Personalized Vaccine Promising When Added to Sunitinib in Patients with Metastatic Renal-Cell Carcinoma

San Francisco, CA—A personalized form of immunotherapy added to sunitinib (Sutent) treatment prolonged survival to beyond 30 months in almost half of patients with newly diagnosed, unfavorable-risk metastatic renal-cell carcinoma (mRCC), according to the results of an open-label phase 2 study presented at the 2012 Genitourinary Cancer Symposium. Only approximately 1 in 10 patients with unfavorable-risk mRCC treated with sunitinib, the standard first-line treatment for clear-cell mRCC, survive past 30 months. This new therapy, AGS-003, uses the patients’ own dendritic cells, loads them with mRNA amplified from a specimen of their tumor, and then re-introduces the cells into the body to stimulate the proliferation of cytotoxic T-lymphocytes targeted to each patient’s tumor, explained Robert A. Figlin, MD, Samuel Oschin Comprehensive Cancer Institute, Cedars- Sinai Medical Center, Los Angeles, CA. The amount of AGS-003 produced generates up to 5 years of treatment for each patient. “AGS-003 combined with sunitinib is designed to overcome the inherent immune suppression in the tumor microenvironment and stimulate a durable clinical and immunologic response to the patient’s tumor,” said Dr Figlin.

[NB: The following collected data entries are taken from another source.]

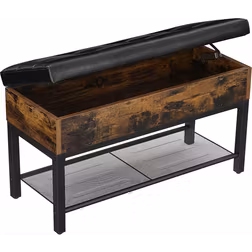 VASAGLE sko förvaringsbänk, vadderad bänk, sovrumspall med hylla, brun och svart
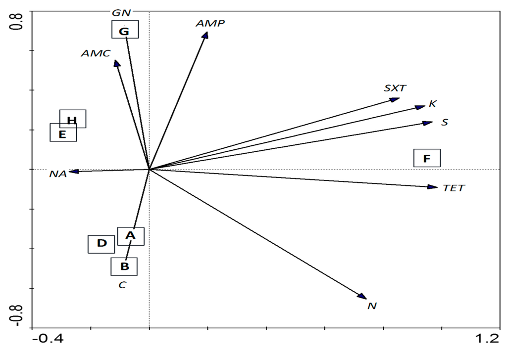 PCA ordination biplot showing the distribution of waterborne K. pneumoniae by sampling stations with respect to their susceptibility to various antibiotics. The first (PCA1) and second (PCA2) principal components respectively explained 74.2% and 17.3% of the total variance of the explanatory variables. The Capital letter in the square box denotes sampling stations located in Sepetang River (A), Sangga Besar River (B–E), Selinsing River (G and H) and adjacent coastal water (F). Black solid arrows indicate isolates demonstrating non-susceptibility towards 10 antibiotics: GN-NS, gentamicin; K-NS, kanamycin; S-NS, streptomycin; N-NS, neomycin; AMC-NS, amoxicillin/clavulanic acid; AMP-NS, ampicillin; NA-NS, nalidixic acid; TE-NS, tetracycline; SXT, sulfamethoxazole-trimethoprim; C, chloramphenicol.
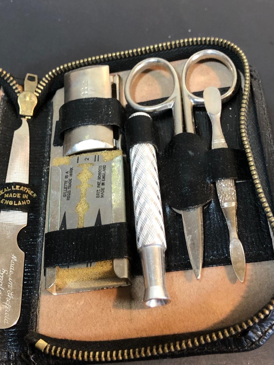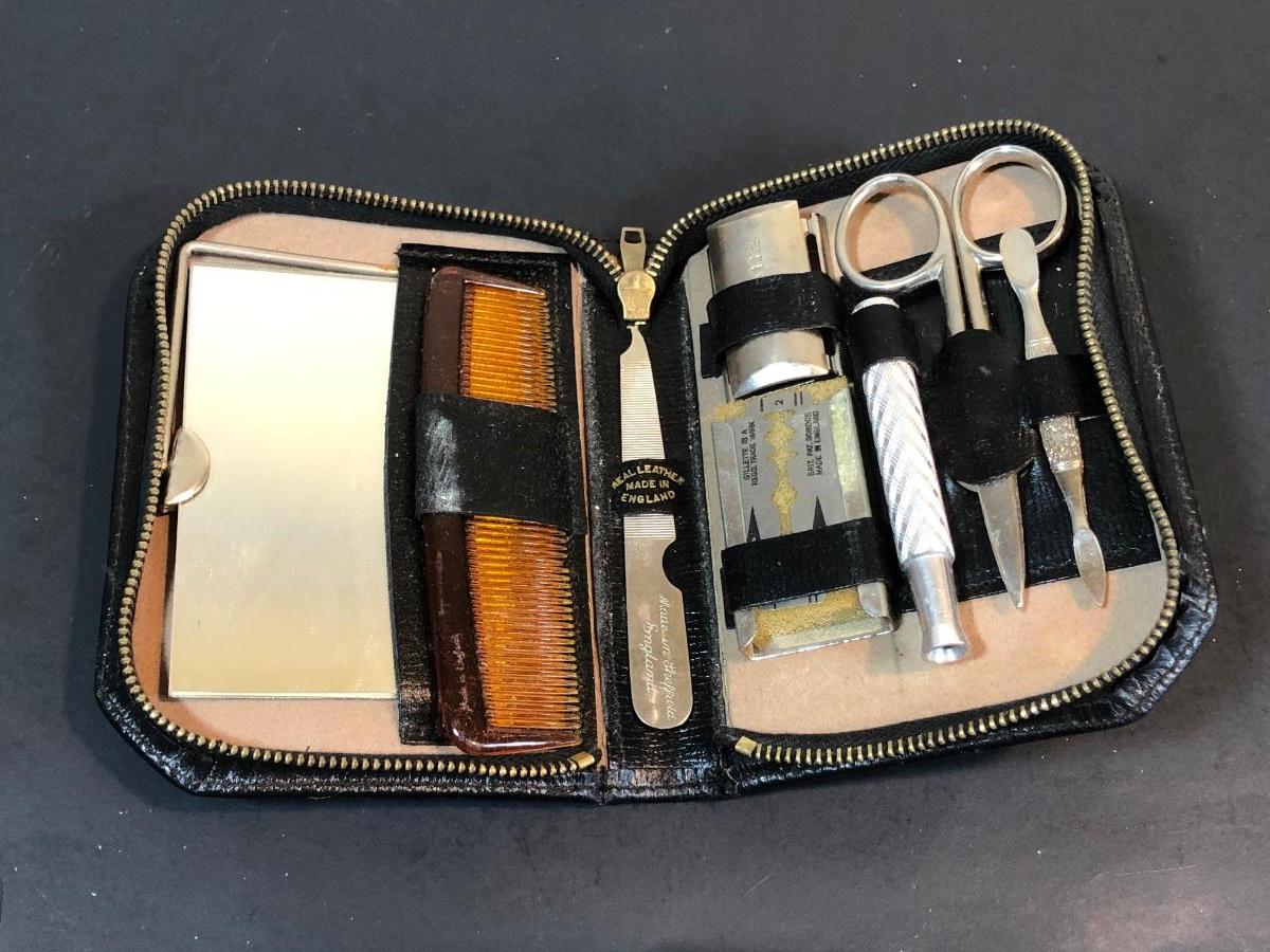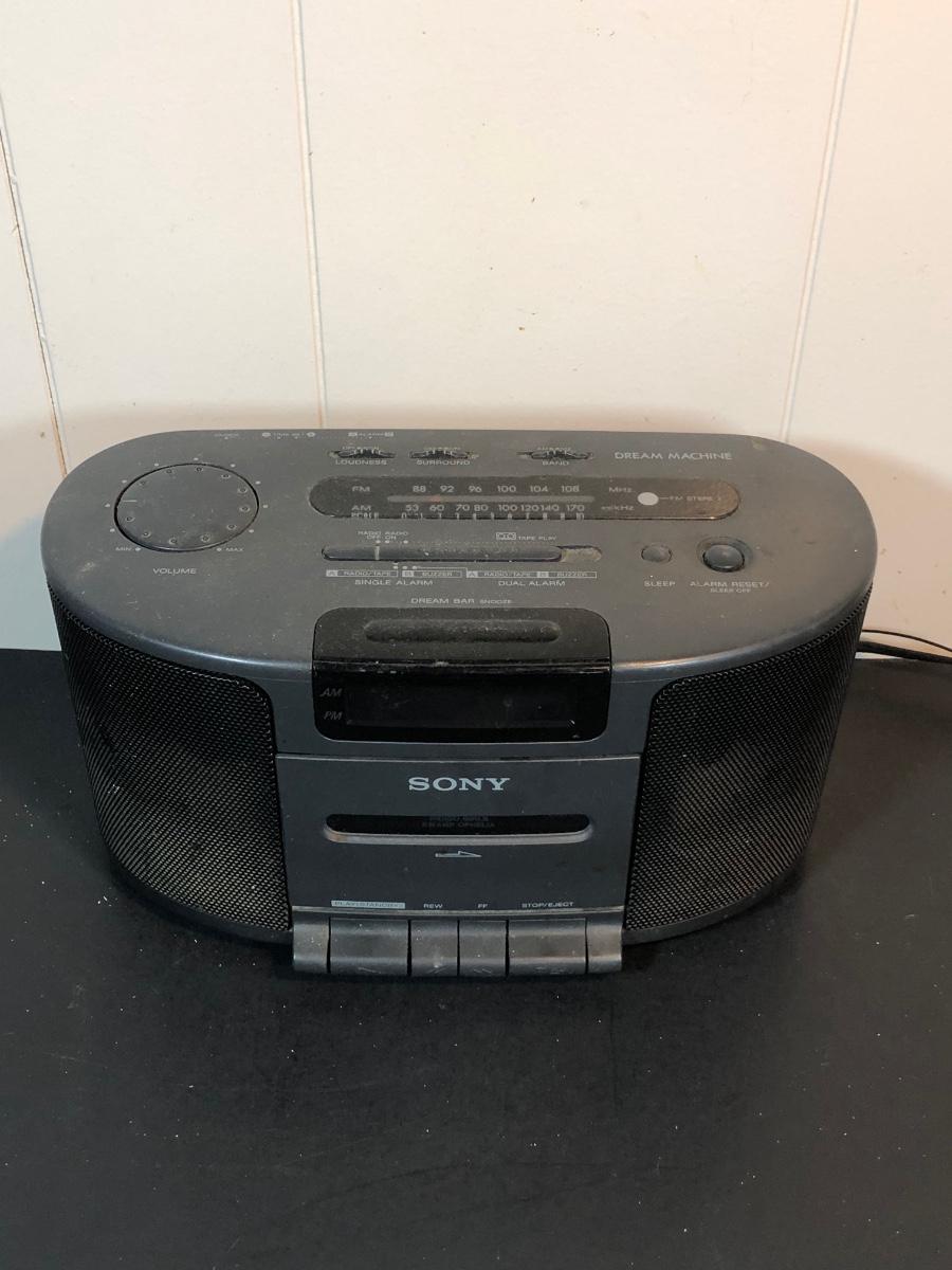 LOT 92K: Men's Dresser Collection - Vintage Grooming Kit, Sony Clock Radio Model ICF-CS650, Glasses & Cases

To this end, AGS-003 with sunitinib was tested in 21 adults with newly diagnosed mRCC who received no previous systemic therapy. All patients had intermediate- or poor-risk disease according to various criteria. Patients received sunitinib (4 weeks on, 2 weeks off) combined with AGS-003 (5 doses, used 3 weeks apart, and then every 12 weeks) until disease progression. Among this group, 38% of patients demonstrated an objective (partial) response, and 73% of evaluable patients showed an immunologic response (ie, increases in the numbers of CD28-positive, CD45RA-negative T-cells). The estimated median overall survival (OS) was 29.3 months, and progression-free survival (PFS) was 11.2 months. By comparison, the PFS for sunitinib alone in similar patients is approximately 6 months, Dr Figlin noted.

“The addition of AGS-003 to sunitinib is associated with encouraging long-term OS beyond 30 months,” he said. Some 43% of the patients receiving the dual agents achieved an OS beyond 30 months. Recent data indicate that approximately 13% of patients with nonfavorable-risk mRCC treated with sunitinib survive beyond 30 months. To date, the 21 patients have received more than 150 doses of AGS- 003. The observed adverse events were consistent with the experience with single-agent sunitinib in this disease. The only adverse event attributable to AGS-003 was grade 1 injection-site reactions. No patients showed evidence of emergent autoimmune disease. These results support a planned international randomized phase 3 study that will compare AGS-003 plus standard therapy to standard therapy alone in 450 planned patients with newly diagnosed mRCC, Dr Figlin stated.